Peer pressure to comply with the status quo, or the prevailing thought. Such is the case with sexuality and abortion in this country. The liberal and vocal left spout off about it.
You are right.
I am referring to go old, “Have you name shame” type of shame. There are few social consequences for someone having a child out of wedlock. The same for someone having an abortion.
Expressing or displaying your moral stand on something gets you ridicule—even when it is stated as the response to a question. For example, I have plenty of gay friends who’ve gotten “married.” I care deeply for some of these people and it pains me to express my dismay at these “ceremonies.” So, I keep my mouth shut.
But when asked, I explain my position. This has gotten me in trouble with friends and family. But interestingly not with the gay people in question—because they know I love them in my heart. I have explained to them why I would not be able to witness the ceremony. But that I support their love for each other and would never embarass them by making a scene about it. We agree to disagree.
But, I get grief. Some people would bend to the pressure. I choose not to.
That is the kind of shame that we need more of. Shame based on a moral structure. Not fads.
I disagree with that based on politics. If you're a Conservative you'll pay dearly. FB is on fire with comments and graphics about Bristol. However if it's "Shaquana" she'd just get a bigger welfare check. Bristol being a Palin will be run through the ringer and beat with a merciless stick. We don't need to do it too. When should a Conservative sound like a liberal? Never.
You’re a more trusting person than I.
Anonymous Wasilla insiders are not immediately credible imo.
The quickie engagement, revelations that he’d been married before and then the break up lend it credence.
Bristol claimed she knew about his past relationships so it has to be some other reason they broke up. If she was telling the truth that is.

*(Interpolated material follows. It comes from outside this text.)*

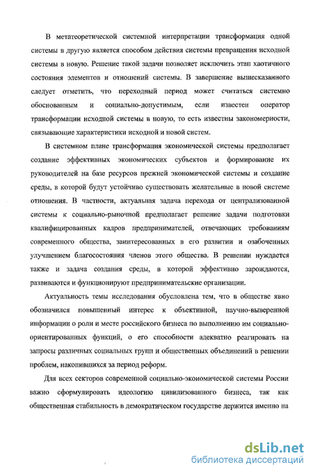 В системном плане трансформация экономической системы предполагает создание эффективных экономических субъектов и формирование их руководителей на базе ресурсов прежней экономической системы и создание среды, в которой будут устойчиво существовать желательные в новой системе отношения. В частности, актуальная задача перехода от централизованной системы к социально-рыночной предполагает решение задачи подготовки квалифицированных кадров предпринимателей, отвечающих требованиям современного общества, заинтересованных в его развитии и озабоченных улучшением благосостояния членов этого общества. В решении нуждается также и задача создания среды, в которой эффективно зарождаются, развиваются и функционируют предпринимательские организации.

And did her mother find this out by reading her blog? She puts (sorry mom) in the heading and then says she wants you (whoever you is) to be the first to know.
So it sounds to me like her family was not the first to know and that they found out probably from the blog. How horrible and immature if this is the case! But she has done something similar in the past. Sarah’s family found out about her short-lived engagement to her son’s father, Levi, from a tabloid magazine article. This was after Levi had gone on talk shows and trashed her family.
It seems to me that this girl has some serious issues.